Selection of the immune mediators was decided a priori to represent different types of immune responses: type 1 (Th1/CD8+/natural killer cells/innate lymphoid cell 1 (ILC1)), type 2 (Th2, eosinophils, ILC2), type 17 (Th17, neutrophils, ILC3), and regulatory type responses. Children with excessive nasal secretions on the day of sampling (n = 44) were excluded from the analysis.

Statistical analysis

All data analyses were conducted using the statistical software R v3.3.061. Samples below 2000 reads (n = 146, 7.5%) were omitted from the analysis.

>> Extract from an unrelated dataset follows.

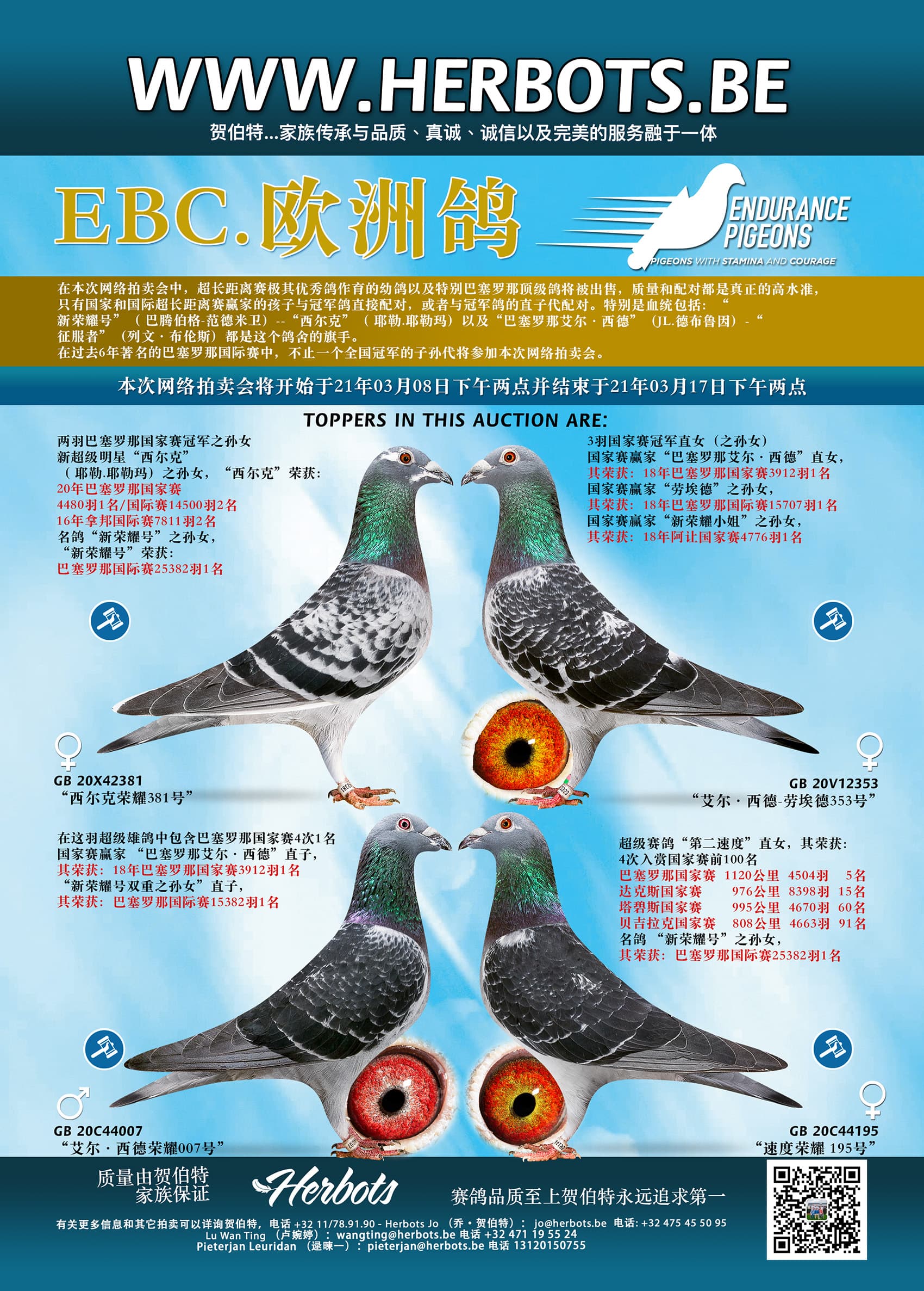 在本次网络拍卖会中,超长距离赛极其优秀鸽作育的幼鸽以及特别巴塞罗那顶级鸽将被出售,质量和配对都是真正的高水准,只有国家和国际超长距离赛赢家的孩子与冠军鸽直接配对,或者与冠军鸽的直子代配对。特别是血统包括:“新荣耀号”( 巴腾伯格-范德米卫)--“西尔克”( 耶勒.耶勒玛)以及“巴塞罗那艾尔·西德”(JL.德布鲁因)-“征服者”(列文·布伦斯)都是这个鸽舍的旗手。在过去6年著名的巴塞罗那国际赛中,不止一个全国冠军的子孙代将参加本次网络拍卖会。

Sequencing and taxonomy data handling, genus-level agglomeration, alpha diversity (analyzed using Shannon index), and beta diversity (analyzed using Bray–Curtis62 and weighted UniFrac63 distances) estimates were done using the R-package phyloseq64. Samples from children with/without asthma were divided evenly across batch variables (extraction tray, sequencing run). Bootstrap richness estimates were computed as sample-wise median number of OTUs in 100 resamples with replacement at 2000 or 10,000 reads. Differences in alpha diversity were tested using Wilcoxon’s rank-sum tests or linear mixed-effects models when analyzing repeated measures from the same child, using child ID as random intercept, with the effect of time-point calculated as a single-term deletion65. Differences in beta diversity were tested using permutational multivariate analysis of variance (PERMANOVA)66 with 10,000 permutations.

Differential abundance was tested with Cox proportional hazards regression models using time to asthma diagnosis as outcome, after filtering genera (≥10% presence, ≥0.01% mean relative abundance) and log-transforming relative abundances, using half the lowest nonzero value as a pseudocount. Multiple inference was controlled using the Benjamini–Hochberg FDR approach (q values). We used PLS67 modeling of asthma by age 6 years as a binary variable using log-transformed, z-scaled relative abundances of genera. PLS is a statistical modeling framework specifically well suited for dealing with highly collinear or redundant feature data matrices and excels in situations where the number of features/variables (p) are high or even greater than the number of observations (n). Similar to, for example, principal component analysis (PCA), features are combined to components via loadings on the original variables, but in a supervised manner to maximize covariance with an outcome, which can be univariate or multivariate. We selected the optimum number of input variables using repeated 10-fold cross-validation of the area under the curve (AUC) statistic to avoid overfitting. The final model was chosen by the highest median AUC value. The predicted values of left out folds were combined to form a bacterial asthma score. Relative importance per taxon was calculated as the median taxon loadings across folds divided by the sum of these median loadings. Associations between the bacterial asthma score and asthma were calculated using Cox proportional hazards regression. The models were not influenced by inclusion of batch variables. Immune mediator concentrations were standardized, total sum normalized per sample, log transformed, and z-scored before further analysis. Missing immune mediator values (1.2%) were imputed using the k-nearest-neighbors algorithm68 prior to normalization. Immune mediators were analyzed in relation to the bacterial asthma score using linear models and cross-validated sparse PLS as described above, adjusted for other bacteria using PCA with four components. Causal mediation analysis was conducted in a model structure with the bacterial asthma score as the predictor, the immune mediator score as mediator and asthma as the outcome69. A significance level of 0.05, using two-sided p values, was used in all analyses, except PERMANOVA, which is one-sided by design.